南アルプスの山中を駆け巡るトレイルツアーを運営されているトレイルカッターさんからMAGURA用のブレーキレバーが発売されたので購入しました。
左右セットで2万円くらいしてなかなかの値段ですが、使用感が良くて気に入っています。
外観
MAGURA純正のアルミレバーはおそらくダイキャストで作られており、いわゆる量産品な質感です。
トレイルカッターレバーは削りだしの質感で、とても綺麗な表面の仕上げになっています。


リーチ調整のボルト用にOリングの緩み止めが入っており、細かいこだわりも感じられます。(ネジ穴の中にOリングがいます)

レバー比較
レバー形状
もともとMT5と互換性を持たせたレバーらしく、私のバイクに付いているMT-Trail Sportsとは互換がないのですが、工夫すれば取り付け可能です。これ書いてる途中で、オプションになりますがMT-Trail用の取り付けキットも発売されました。
↓いろいろ持っていたの並べてみます。

MT5はレバーが大きめで2,3本の指で握るサイズ感です。HC以下はワンフィンガー想定で、私もワンフィンガーで使えるMT-Trailが気に入ってほとんどのバイクに搭載しています。
HCとMT-Trailはほぼ同形状と思って良さそうですね。トレイルカッターはHCに似ていますが、指の掛かる位置が微妙に変更されています。

リバーシブルで同じレバーですが左右で使える設計になっています。これもMAGURAと同じ設計思想。Slicbikeさんがレバーの製造を行っているとのこと。

MT5レバーと比べると長さがかなり違います。指1,2本分は掛かりが異なると思います。

形の似ているHC、MT-Trailと比べると長さはほぼ同じですが、指の掛かり位置が微妙異なっています。

レバーの厚みを比較。トレイルカッターは13mm

マグラ純正は16mm

この3mmがかなり違いを感じるポイントで、ツアーの際に、日本人は欧米の方と比べると手の小さい人が多く、このサイズ感がしっくりくるとお聞きしました。使ったこと無いのですが、シマノは小ぶりなレバーらしくシマノを参考にしたとのこと。
スプリング・シリンダープッシャー
いろいろなレバーがありますが、マスターシリンダーを押すパーツの構造がいろいろあります。
結論を書くとMT5のタイプしか流用できません。レバーの置き換え対象外MT5だけなのも、これが理由です。私は無駄にいろいろなレバーを持っていたので流用できましたが、MT-Trailのみお持ちの方は別売りのリーチアジャストスクリューを購入する必要があります。(1個2000円、高い…)

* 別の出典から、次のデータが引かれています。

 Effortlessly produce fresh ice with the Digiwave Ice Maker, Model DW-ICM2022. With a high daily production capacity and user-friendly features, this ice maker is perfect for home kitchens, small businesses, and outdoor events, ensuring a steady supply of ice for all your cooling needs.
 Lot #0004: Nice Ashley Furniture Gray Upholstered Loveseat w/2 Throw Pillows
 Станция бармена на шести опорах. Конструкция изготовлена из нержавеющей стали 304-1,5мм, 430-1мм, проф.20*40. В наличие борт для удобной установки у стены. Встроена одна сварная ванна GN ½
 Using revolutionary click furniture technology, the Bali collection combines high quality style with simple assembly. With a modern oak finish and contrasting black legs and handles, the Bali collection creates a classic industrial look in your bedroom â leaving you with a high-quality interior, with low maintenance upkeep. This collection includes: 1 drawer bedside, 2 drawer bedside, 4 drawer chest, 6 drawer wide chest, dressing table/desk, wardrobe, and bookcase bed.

レバーの形状は似ているけど、小部品が微妙に違っている。HCとMT-Trailはすべて共通なのかというとそうでもないという。

印刷だけでなく細かいところも違っている


リーチアジャストスクリュー
レバーの前後位置を調整するネジがモデルによって違っています。
TRAIL CUTTERのレバーはMT5互換品なのでMT5についているアジャストスクリューがそのまま移植できます。
MT-TrailsportsはなぜかMT5と調整ネジのサイズが異なるためそのまま移植できません。。。

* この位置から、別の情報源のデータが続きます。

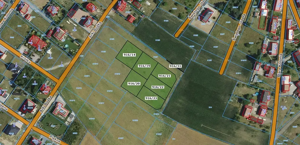 - dz. 916/14, 916/19, 916/20, 916/21, 916/22, 916/23 przeznaczone są jako tereny zabudowy mieszkaniowej jednorodzinnej (MN117),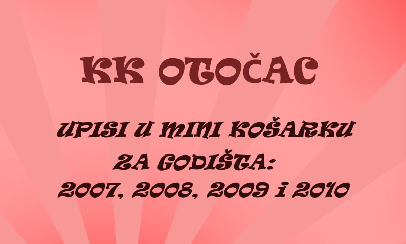 OTOČAC – Košarkaški klub Otočac vrši upise u mini košarku za godišta 2007. – 2010. i to svaki ponedjeljak od 19:00 sati u dvorani Srednje škole Otočac. Više na Facebook stranici KK Otočac.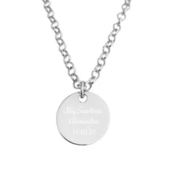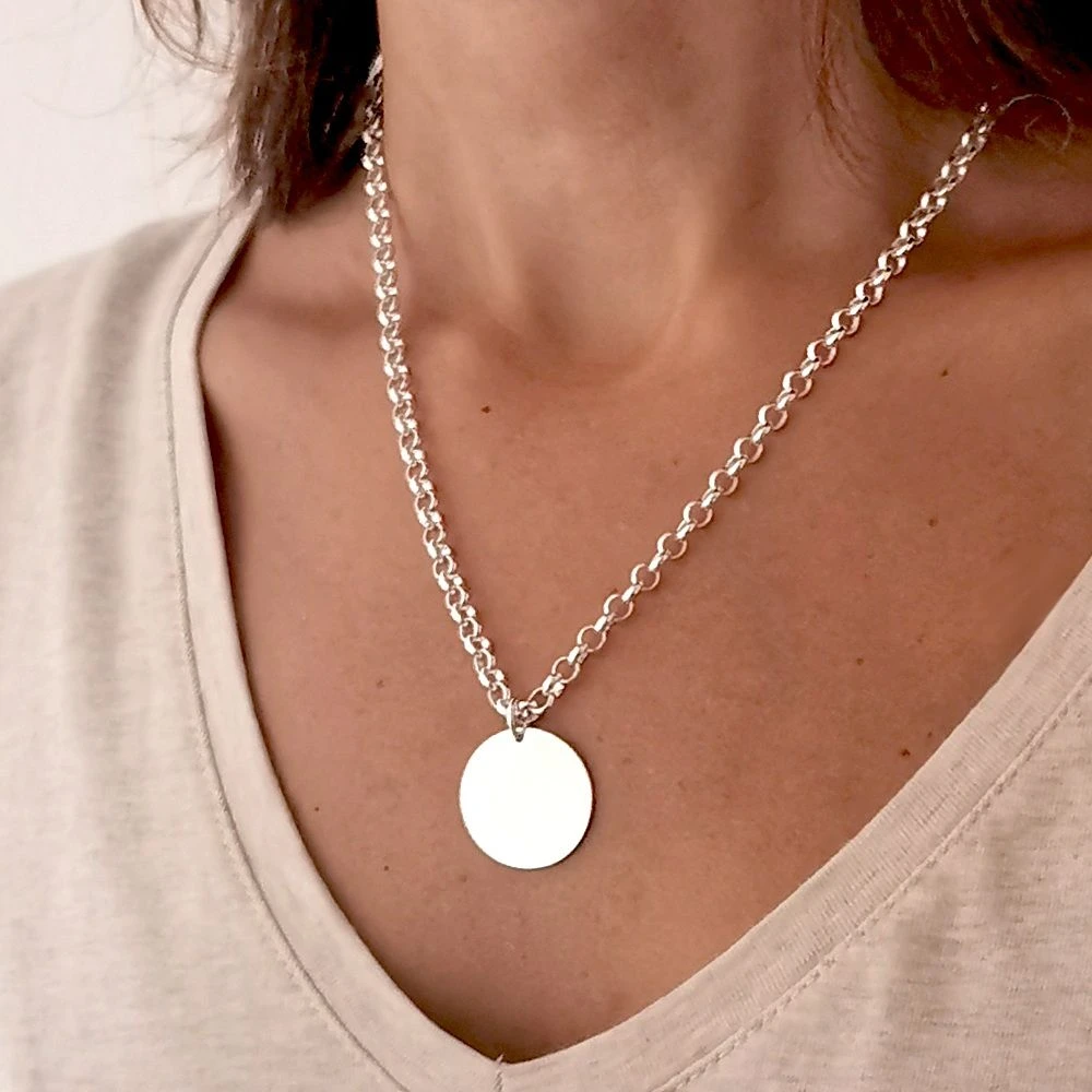 ElĂ©gant collier avec sa large maille jaseron et sa mĂ©daille ronde argent poli et gravable. La maille jaseron est une succession de petits anneaux ronds, qui est très tendance. Le collier possède un fermoir mousqueton pour un plus grand confort. Une extension intĂ©grĂ©e au collier permet d’adapter la longueur d’environ 4 cm. Profitez de la première gravure diamant offerte avec un nom, une date ou encore un symbole. C’est parfait comme cadeau Ă offrir Ă une femme lors d’un Ă©vènement important comme une fĂŞte ou pour se faire plaisir tout simplement.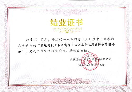 为保证我院给排水科学与工程专业评估认证工作顺利进行,4月14日-4月15日给水排水工程教研室赵文玉老师赴西安参加由高教国培(北京)教育科技研究院举办的“推进高校工程教育专业认证与新工科建设专题研修班”。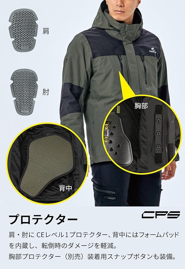 標準装備の肩・肘・背中の各プロテクターはCEレベル2プロテクター(別売)でアップグレード可能。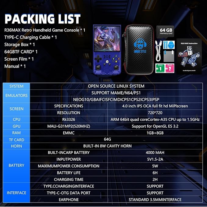 - 【R36MAX New Retro Game System】The R36 MAX is a high-performance retro video game console, equipped with a 1.5GHz 64-bit RK3326 CPU and Linux system with a ARM64bit quad-core Cortex-A35 CPU. It offers a smooth and responsive gaming experience across a variety of emulators.

MT5のスクリューはおそらくですがミリサイズではありません。
サイズを測るとM7に近いサイズ感で、M6もM8のネジもどちらも入りませんでした。インチかウィットかどちらかなんでしょうね。ミリだったらホームセンターで入手できるのですが




MT-TrailはM6っぽいです

自分で取り付け後に少ししてからTRAIL CUTTER純正ネジが発売されました! タイミング悪い。。。MT-Trailユーザーの皆様もこれで安心ですね!
取付け
専用の治具があるようですが、持っていないので角材に穴を空けて受ける台にします。

ポンチを使いピンを打ち抜きます。

この手の部品は仕損じると修復できなくなるので、慎重に作業します。ちょっとミスりましたが、何とか復帰しました。取り付けは逆手順です。

使用感
個人的には好きな感触です。
MTBはバイク入手するとすぐにMagura化してしまうので、他のブレーキの使用経験がほぼありません。シマノに似せたトレイルカッターのレバーは手に馴染みやすく、Maguraのコンパクトブレーキよりさらにコンパクトで指のがかりが良いです。
体に常に触れる部分なので、この作り込みはとても大切で、触った瞬間ニヤリとしてしまいます。
性能が大幅に向上するわけではないですし、値段も高いですが、シマノのレバーが好みの方は使って損は無いと思います。おすすめです。